The push to secure the new loan comes just months after Boeing increased its revolving credit facility with lenders to $ 9.6 billion. Bank of America, Boeing, Citi, JPMorgan, Wells Fargo and Morgan Stanley declined to comment.

Column chart of cash returns to shareholders (in billions of dollars) showing Boeing halted buybacks but maintained dividend

Boeing maintains a good credit rating despite downgrades from Fitch and the two largest rating agencies S&P Global and Moody’s.

But S&P warned last week that a second downgrade could come and that it was revising the A-minus rating it gave Boeing last month. He could lower the rating if his analysts believed that “Max’s immobilization had weakened Boeing’s competitive position, for example by permanently damaging its reputation with customers and regulators,” he said.

The “Commercial Bank” is closed for the moment

Chief Financial Officer Greg Smith said last year that Boeing had “a lot of leverage” to pull to maintain financial flexibility.

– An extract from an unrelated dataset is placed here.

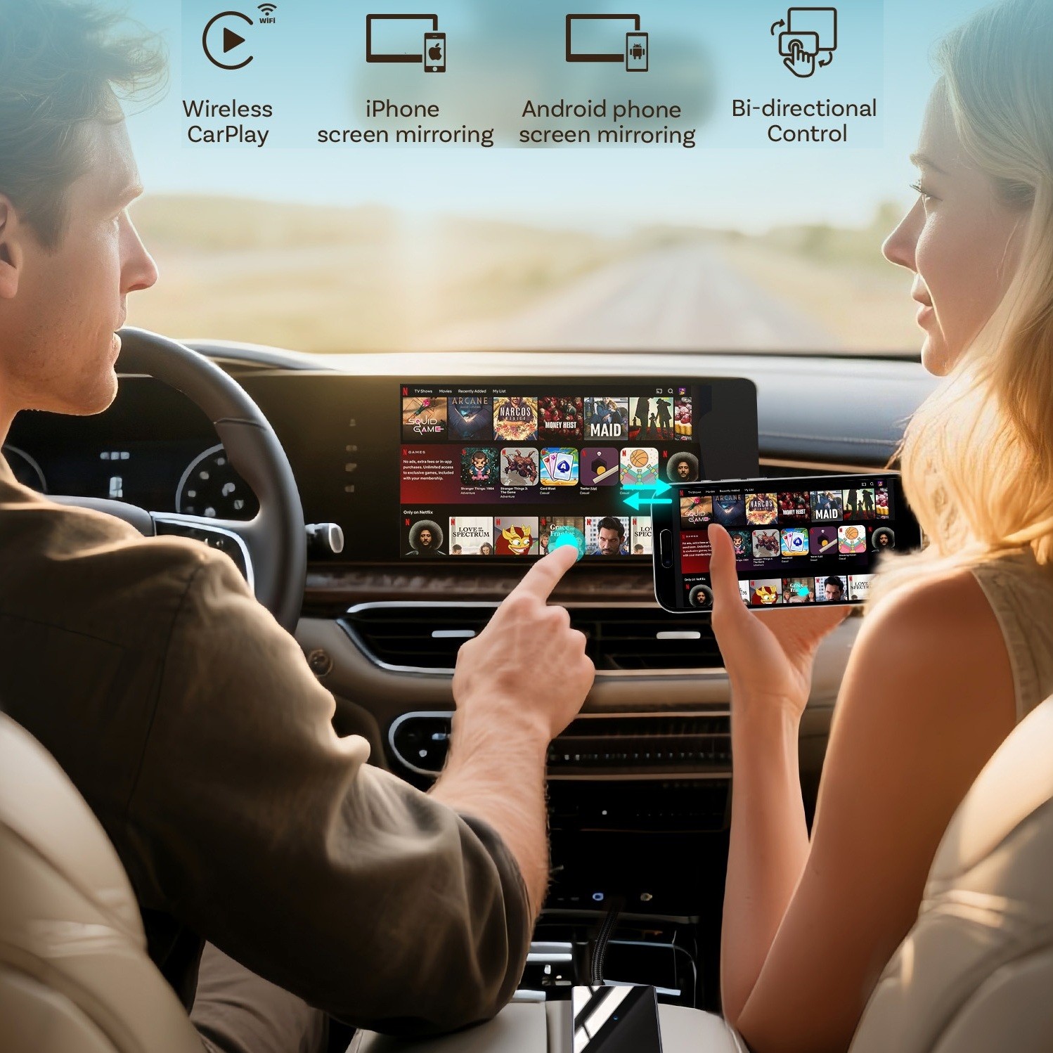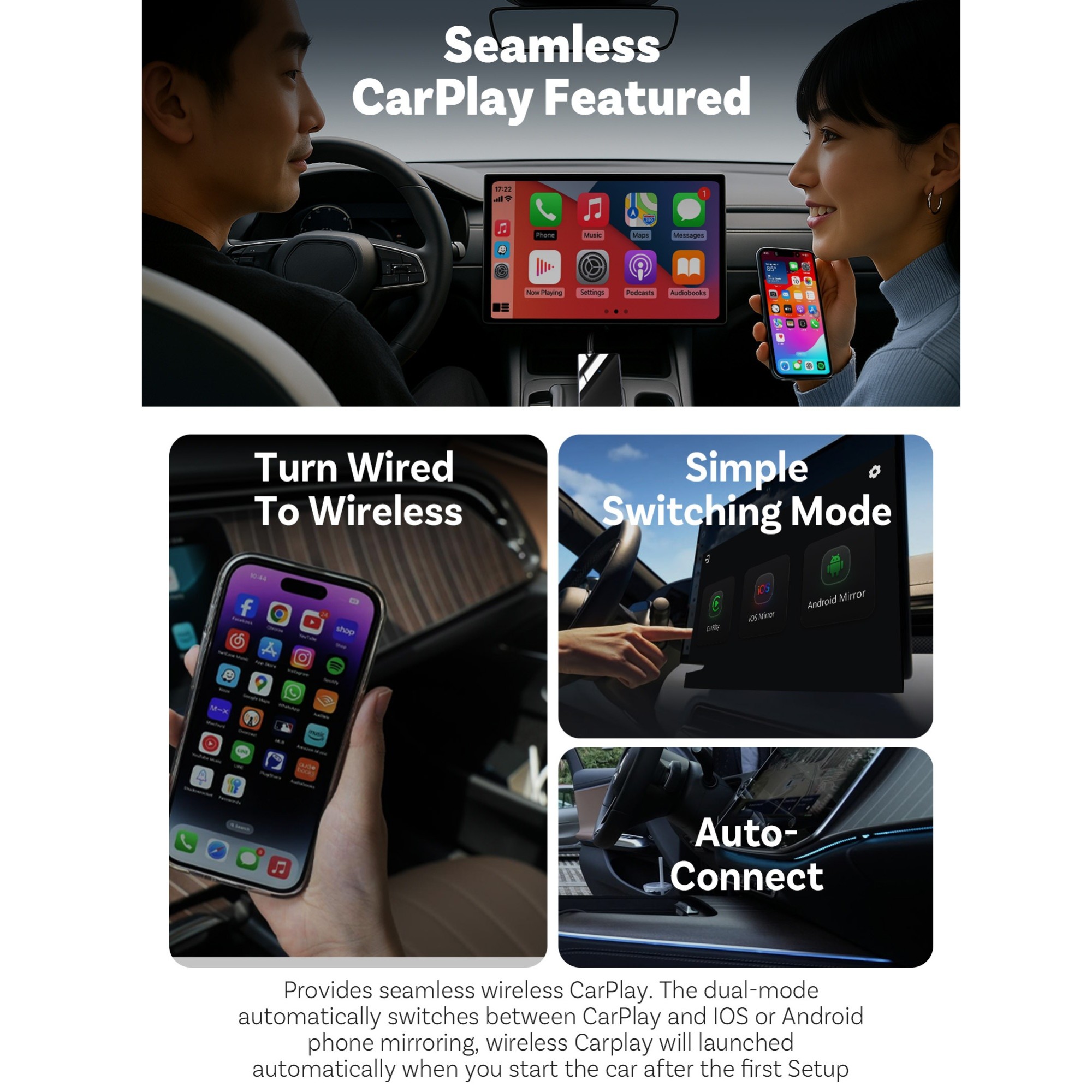 - Converts OEM wired CarPlay / Android Auto to wireless.

This could include deferring capital spending, Fraser said, adding: “I feel there is a general level of belt tightening.”

Another possibility is that Boeing will bid less aggressively for defense work, said analyst Richard Aboulafia of the Teal Group. The strength of the company’s commercial aircraft business has historically enabled it to undercut its competitors and win contracts such as the US Air Force’s TX advanced trainer, the field support helicopter of MH-139 missiles and the US Navy’s MQ-25 aerial refueling drone. With Max’s crisis causing a large outlay of money, Boeing’s defense arm cannot rely on “the Bank of Commercial” to cover initial losses on large contracts, Aboulafia said.

Share buybacks are expected to remain on hold until 2020 and possibly 2021, Fraser said. Boeing repurchased $ 43 billion of its shares between 2013 and the first quarter of 2019, reducing the number of shares outstanding by 25%. Critics accused the company of being more interested in delivering returns to shareholders than investing profits in engineering.

Boeing will publish its quarterly results on Wednesday. Cowen analyst Cai von Rumohr wrote in a Jan. 22 note that the now extended timeline to put the Max back into service would hurt those revenues in two ways.

Boeing has already levied more than $ 5 billion in fees it owes airlines for the delayed delivery of the Max, and Cowen predicted that Boeing would increase customer compensation reserves by $ 6 billion. Meanwhile, the Max’s reported production costs are expected to increase by $ 4 billion.

Both of these estimates, von Rumohr wrote, now appear low.